The relationships between viral infection/co-infection with diverse NK cell function driven by NK cell education remain to be extensively studied. Given the impact of NK cell education on the potential outcomes, it will be important to study these interactions in human populations. Populations who are at-risk for viral infection through repeated exposure, immunocompromise or risk behaviors are identifying how the differences in NK cell between individuals impact resistance or susceptibility to infection. Prospective studies in at-risk populations could lead to more precise approaches to vaccination, prevention and therapy that work with a person’s NK cell repertoire to facilitate durable virus control. In the case of HCV, the increasing use of direct acting antivirals as a cure affords an opportunity to understand how the NK cell repertoire changes in the presence or absence of virus infection. Likewise, HCMV-seronegative patients undergoing transplantation of HCMV+ donor cells and organs afford the opportunity to study virus-NK interactions in real time.
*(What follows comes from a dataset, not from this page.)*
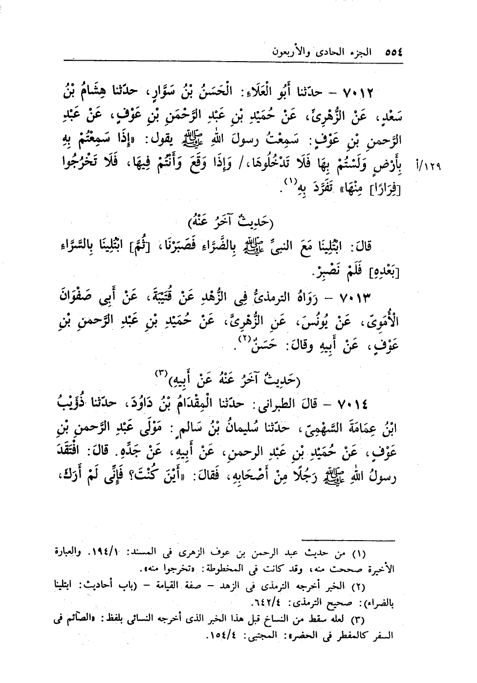7012 - حدثنا أبو العلاء: الحسن بن سوارٍ، حدثنا هشام بن سعد، عن الزهرى، عن حميد بن عبد الرحمن بن عوف، عن عبد الرحمن بن عوف: سمعت رسول الله - صلى الله عليه وسلم - يقول: «إِذَا سَمِعْتُمْ بِهِ بِأَرْضٍ وَلَسْتُمْ بِهَا فَلاَ تَدْخُلُوهًا، / وَإِذَا وَقَعَ وَأَنْتُمْ فِيهَا، فَلاَ تَخْرُجُوا [فِرَارًا] مِنْهَا» تفرد به (¬1) .

Differences among NK cell education, phenotype and function predict outcomes of virus infection and highlight opportunities for antiviral strategies that collaborate with NK cell reactive potential. These studies and strategies should be considered in light of patients’ compound KIR and HLA genotypes, now known to dramatically alter the NK response to, and outcomes of, virus infection. That NK cells can exhibit long-lived memory and virus-specific immune responses suggests that they may be mediators or targets for effective vaccination. In particular, strategies to elicit adaptive NK cell populations or promote NK cell activation by vaccines especially in the therapeutic or acute context are all the subjects of active investigation. Further study of NK cell signaling and the components of activation and regulation that influence virus infection and clearance might assist in pharmacologic manipulation of NK cells or adoptive cell therapy to maximize their antiviral contributions.